DATA SHOWN:
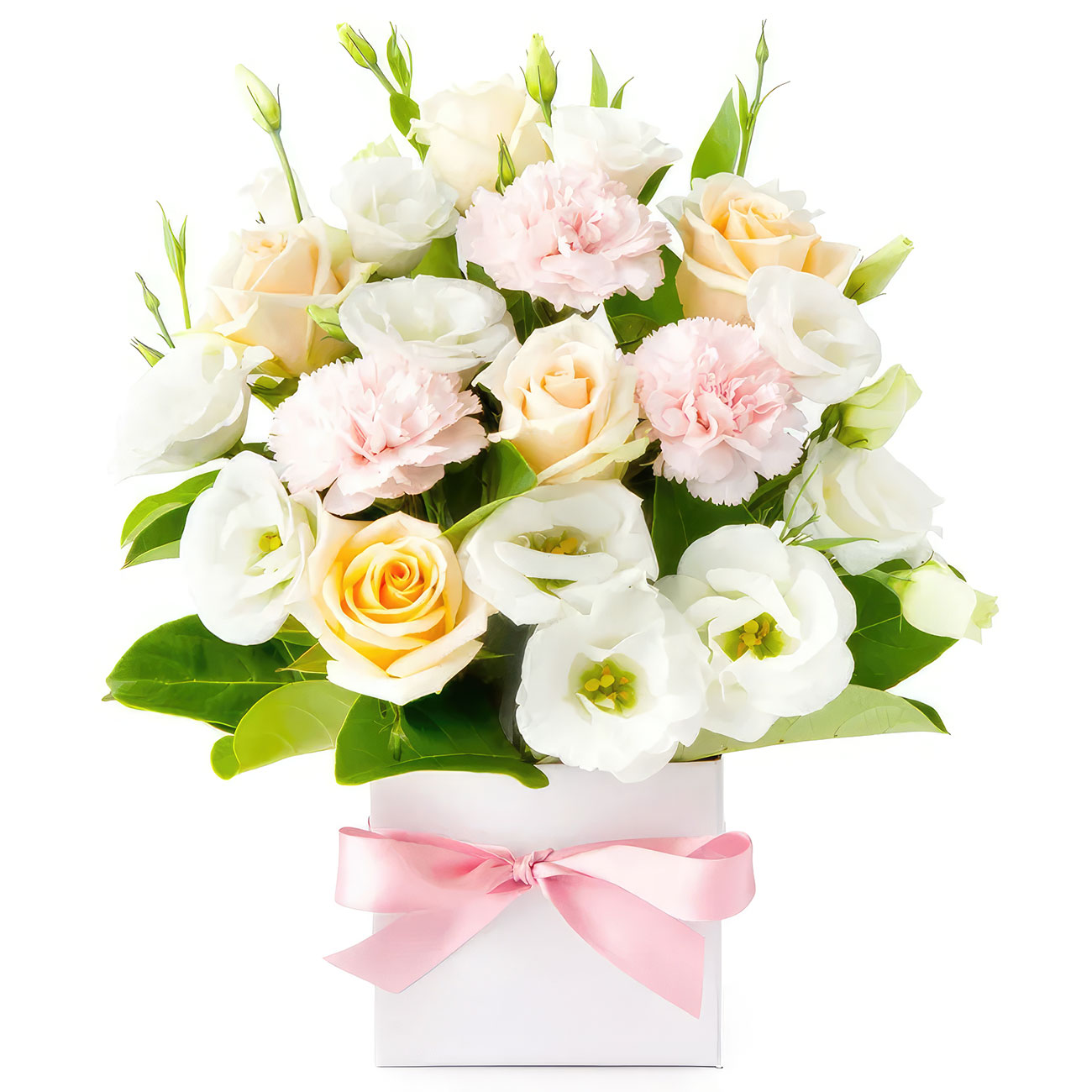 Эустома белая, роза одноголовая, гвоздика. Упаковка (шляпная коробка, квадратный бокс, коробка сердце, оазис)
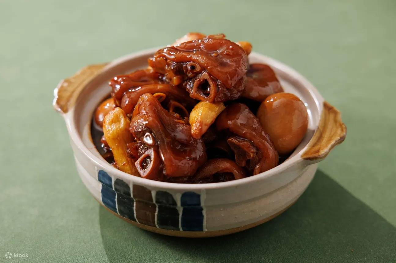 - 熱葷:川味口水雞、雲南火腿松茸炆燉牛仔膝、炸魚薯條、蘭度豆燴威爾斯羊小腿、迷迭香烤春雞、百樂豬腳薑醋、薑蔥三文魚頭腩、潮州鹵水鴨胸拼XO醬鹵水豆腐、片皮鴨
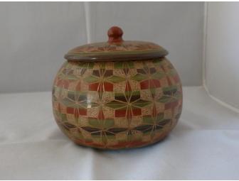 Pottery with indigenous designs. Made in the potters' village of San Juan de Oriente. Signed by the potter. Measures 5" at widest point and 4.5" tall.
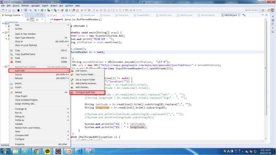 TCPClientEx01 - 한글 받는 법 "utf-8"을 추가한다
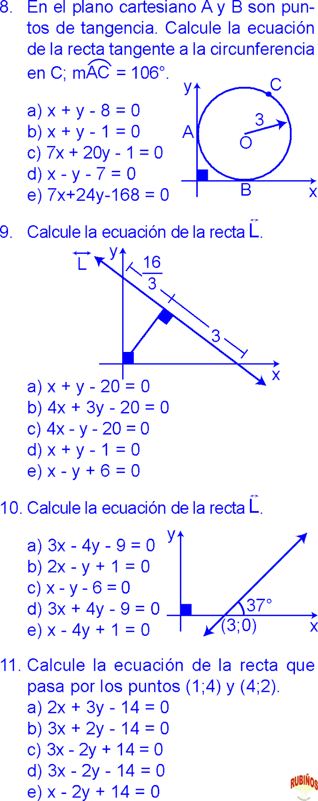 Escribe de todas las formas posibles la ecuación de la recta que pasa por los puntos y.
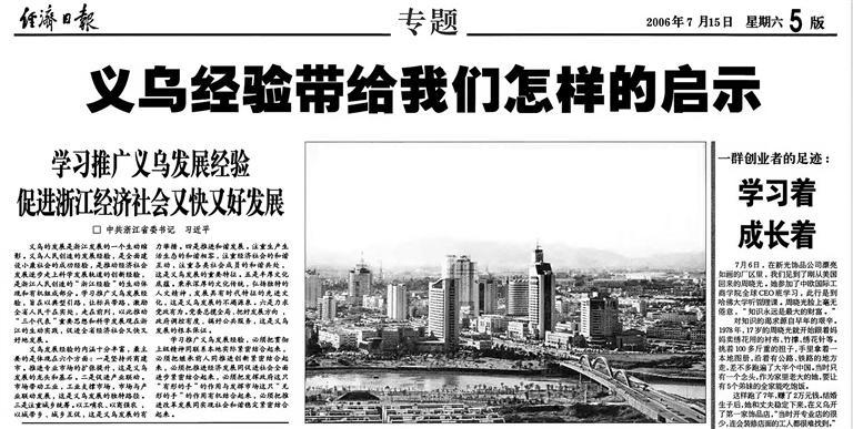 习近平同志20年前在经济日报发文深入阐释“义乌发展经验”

--

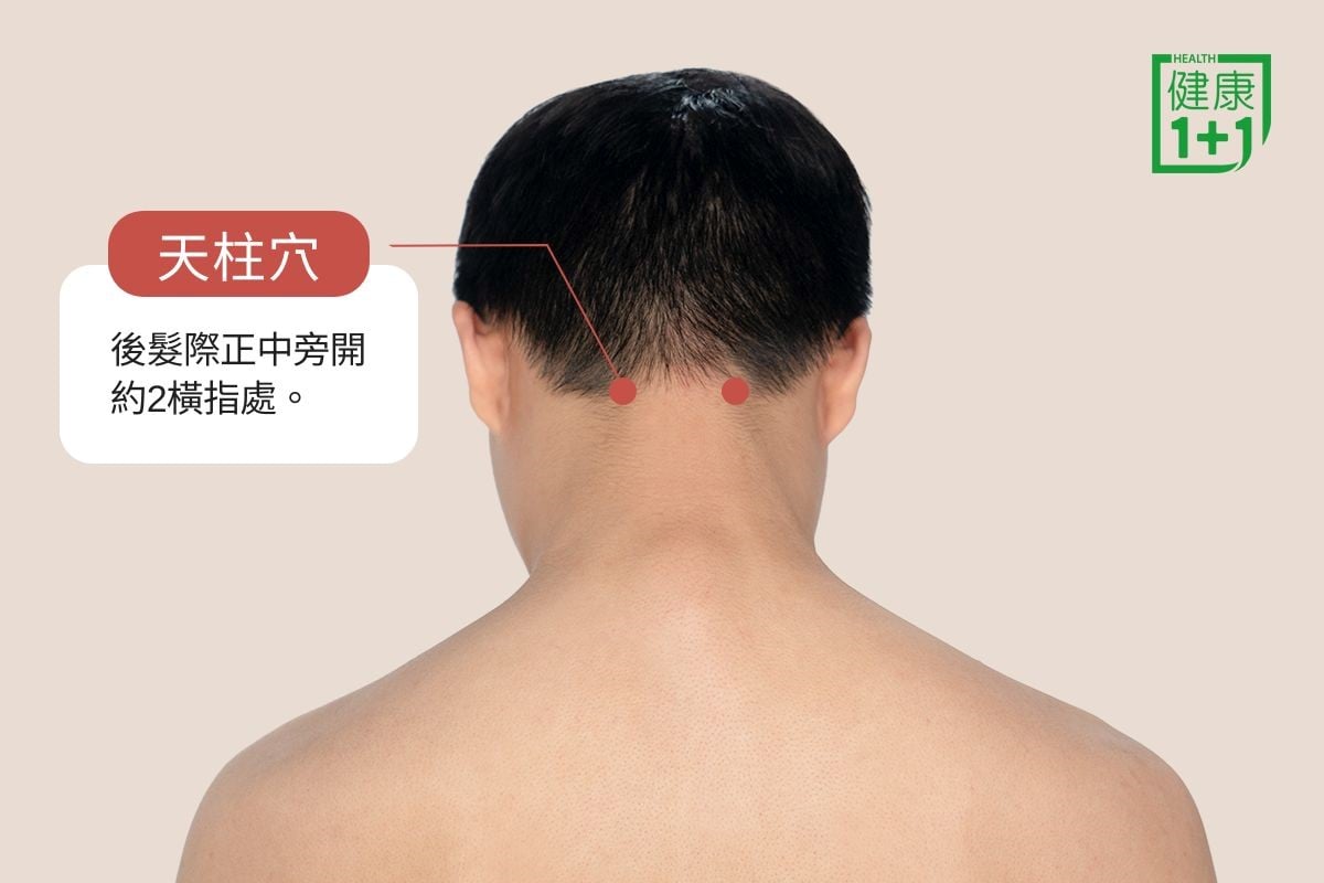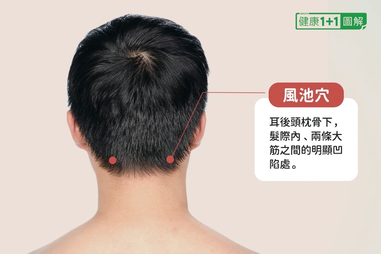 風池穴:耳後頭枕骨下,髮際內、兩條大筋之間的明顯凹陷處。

PROMPT: Of the lines above, copy only those from the one holding "Эустома белая, роза" to the one holding "- 熱葷:川味口水雞、雲南火", both included, and exclude every image.

WRITTEN REPLY:
 Эустома белая, роза одноголовая, гвоздика. Упаковка (шляпная коробка, квадратный бокс, коробка сердце, оазис)
 - 熱葷:川味口水雞、雲南火腿松茸炆燉牛仔膝、炸魚薯條、蘭度豆燴威爾斯羊小腿、迷迭香烤春雞、百樂豬腳薑醋、薑蔥三文魚頭腩、潮州鹵水鴨胸拼XO醬鹵水豆腐、片皮鴨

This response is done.